Data excerpts:
**********

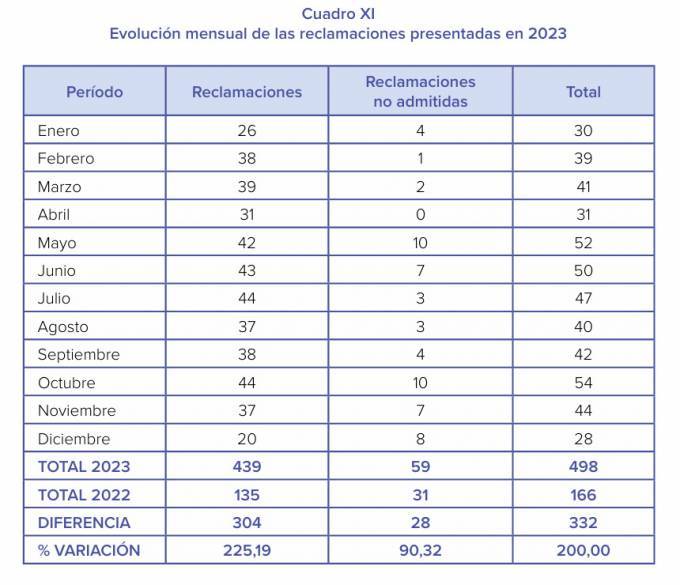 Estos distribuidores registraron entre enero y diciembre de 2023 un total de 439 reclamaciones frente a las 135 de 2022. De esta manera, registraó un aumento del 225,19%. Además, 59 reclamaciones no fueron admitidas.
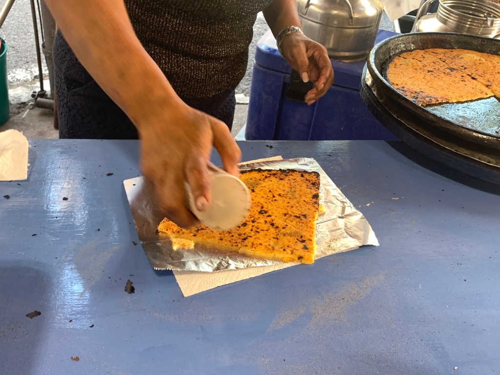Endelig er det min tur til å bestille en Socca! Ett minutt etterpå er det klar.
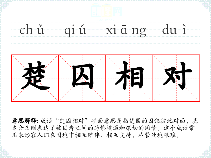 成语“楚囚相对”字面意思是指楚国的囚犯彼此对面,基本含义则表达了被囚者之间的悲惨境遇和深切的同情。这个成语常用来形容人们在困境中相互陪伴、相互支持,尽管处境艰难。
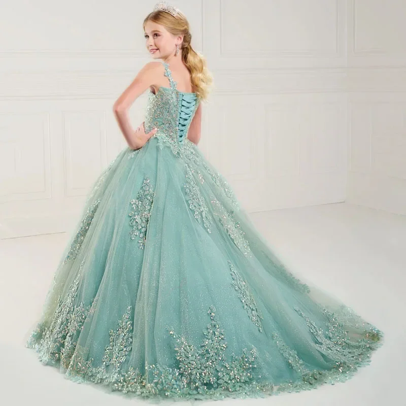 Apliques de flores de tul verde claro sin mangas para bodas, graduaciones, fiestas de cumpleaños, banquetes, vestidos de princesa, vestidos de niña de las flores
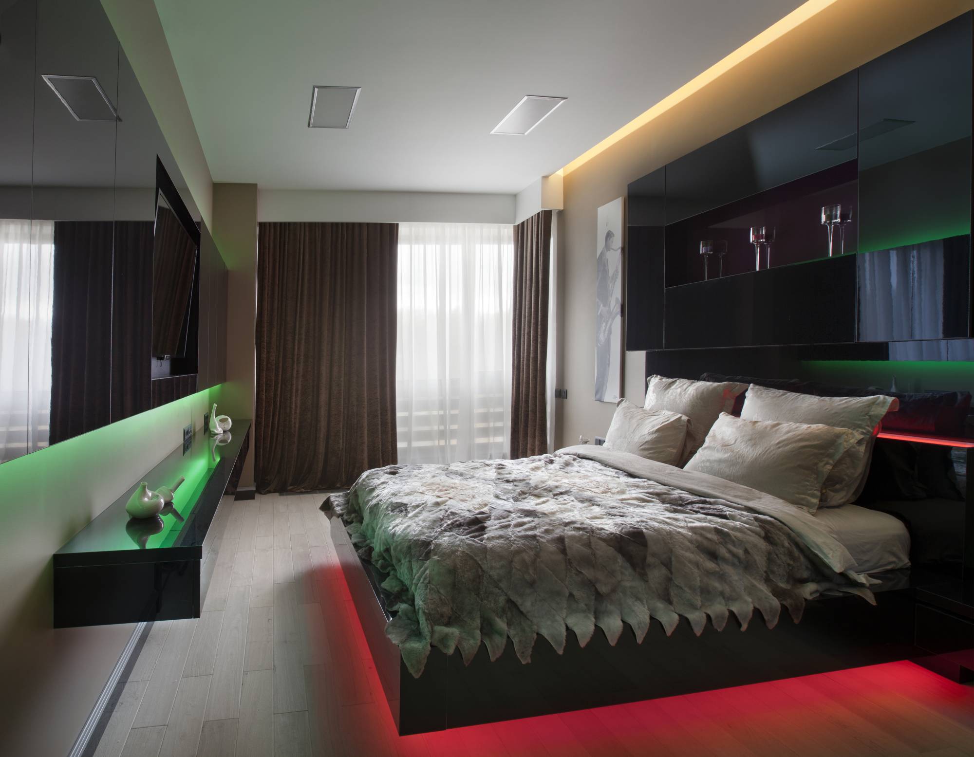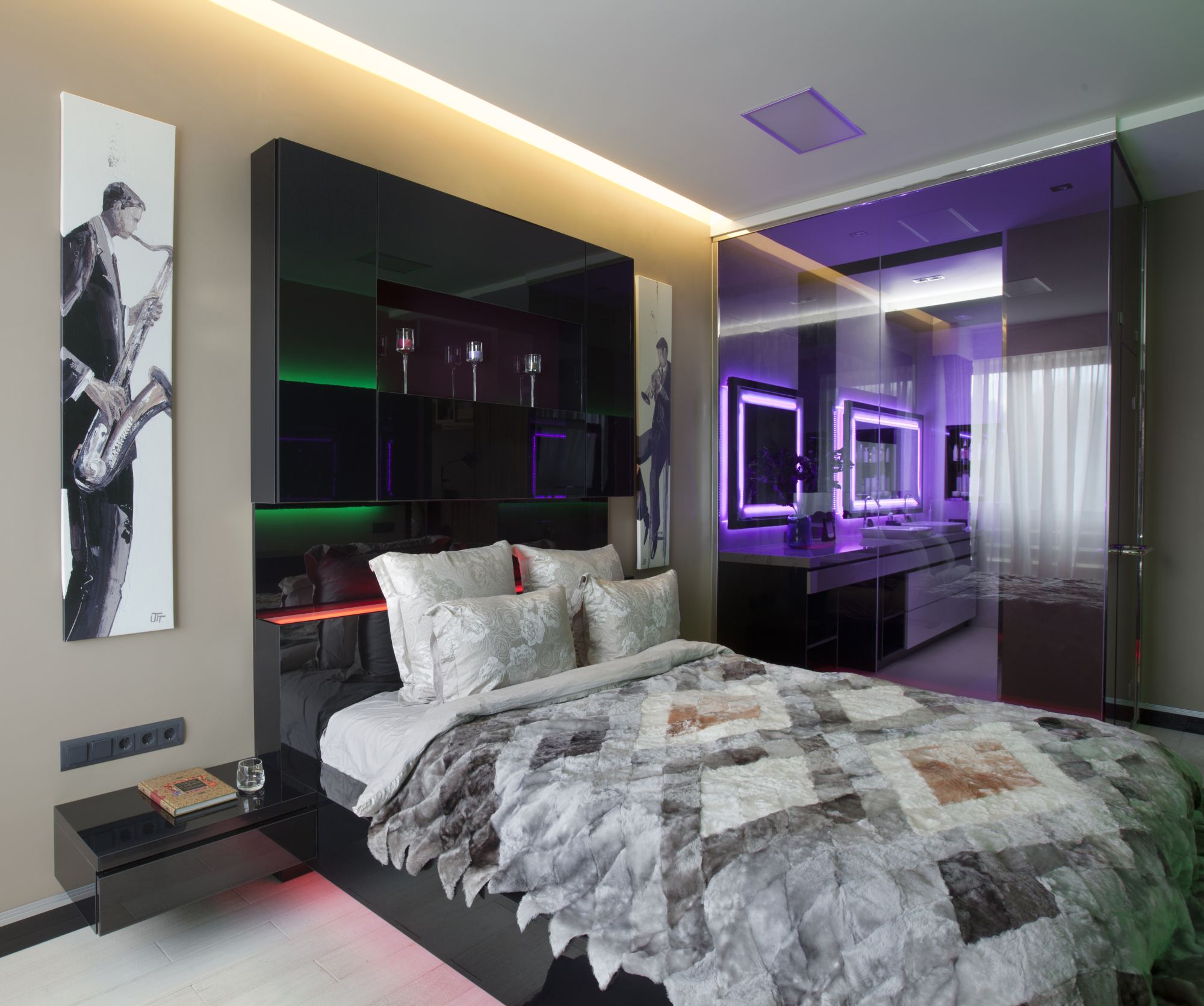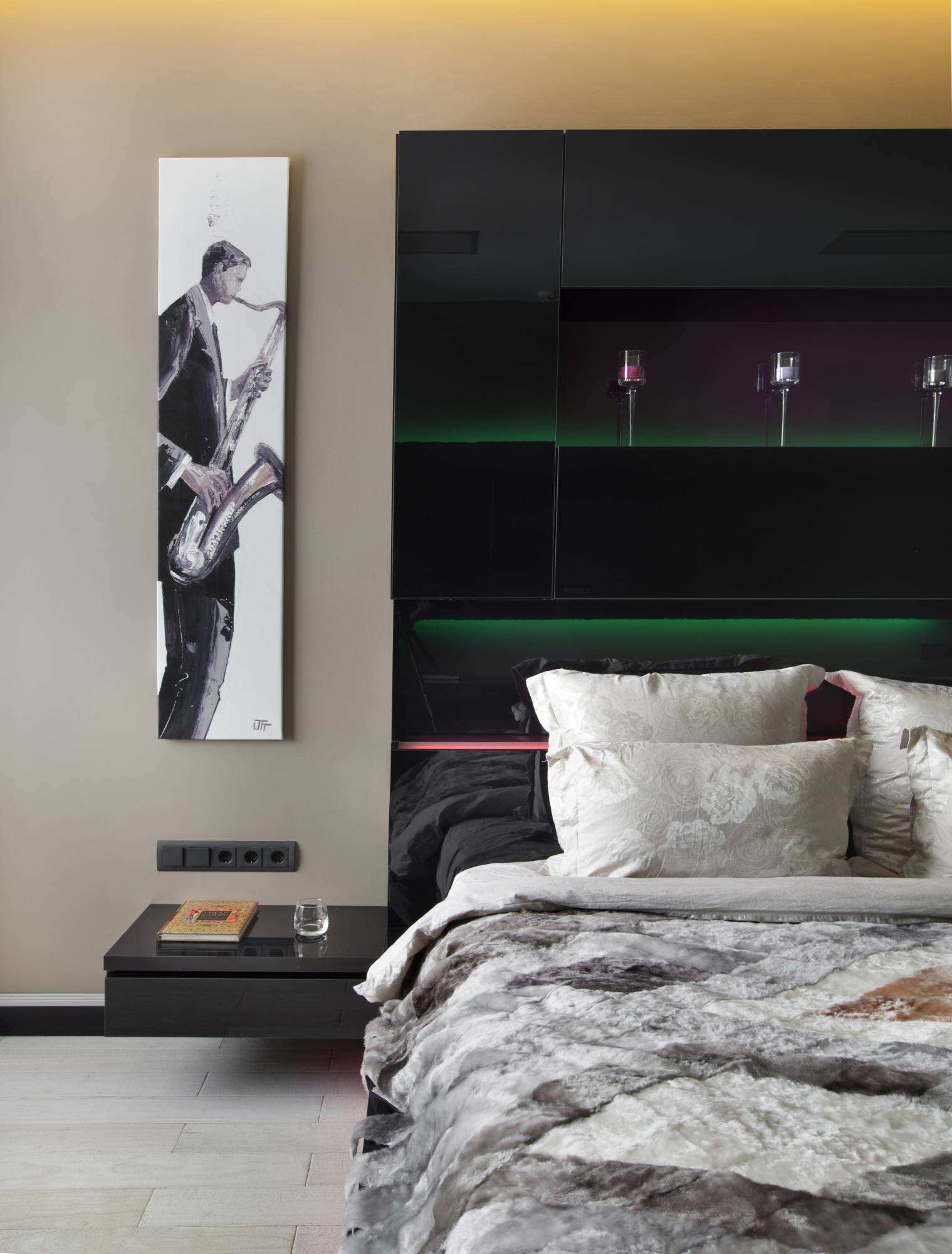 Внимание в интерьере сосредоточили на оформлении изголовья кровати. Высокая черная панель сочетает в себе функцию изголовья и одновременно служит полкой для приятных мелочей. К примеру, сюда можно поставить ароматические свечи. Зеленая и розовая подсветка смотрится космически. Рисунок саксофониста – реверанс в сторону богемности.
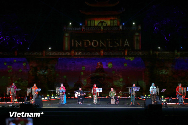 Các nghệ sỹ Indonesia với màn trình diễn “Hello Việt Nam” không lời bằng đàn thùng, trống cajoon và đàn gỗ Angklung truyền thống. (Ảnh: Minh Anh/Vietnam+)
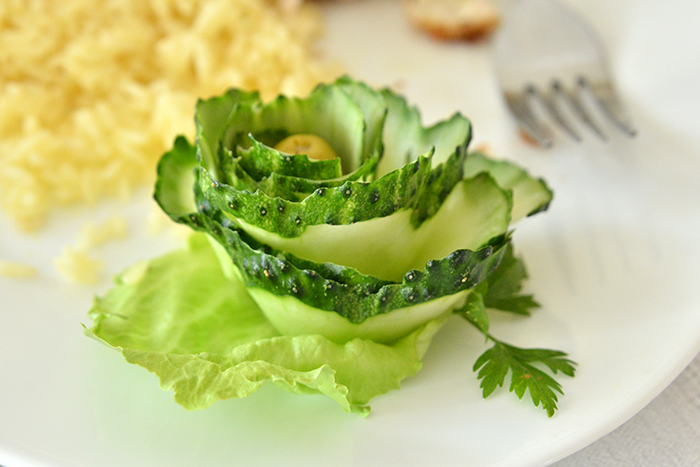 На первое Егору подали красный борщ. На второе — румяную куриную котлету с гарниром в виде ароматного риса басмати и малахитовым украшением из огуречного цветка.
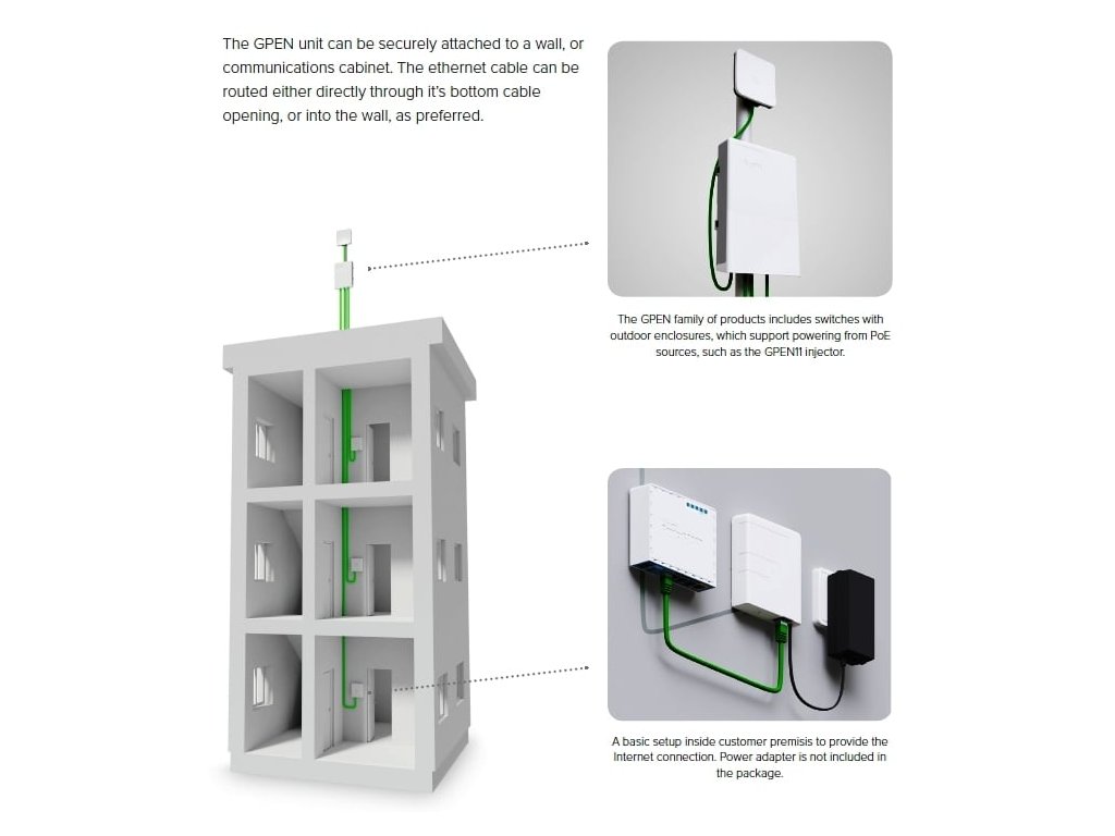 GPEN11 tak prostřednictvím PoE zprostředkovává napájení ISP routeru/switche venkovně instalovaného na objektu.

**********

Each line from the first line of the data above through the one containing "Apliques de flores" must be set down exactly; the pictures must not be.

 Estos distribuidores registraron entre enero y diciembre de 2023 un total de 439 reclamaciones frente a las 135 de 2022. De esta manera, registraó un aumento del 225,19%. Además, 59 reclamaciones no fueron admitidas.
Endelig er det min tur til å bestille en Socca! Ett minutt etterpå er det klar.
 成语“楚囚相对”字面意思是指楚国的囚犯彼此对面,基本含义则表达了被囚者之间的悲惨境遇和深切的同情。这个成语常用来形容人们在困境中相互陪伴、相互支持,尽管处境艰难。
 Apliques de flores de tul verde claro sin mangas para bodas, graduaciones, fiestas de cumpleaños, banquetes, vestidos de princesa, vestidos de niña de las flores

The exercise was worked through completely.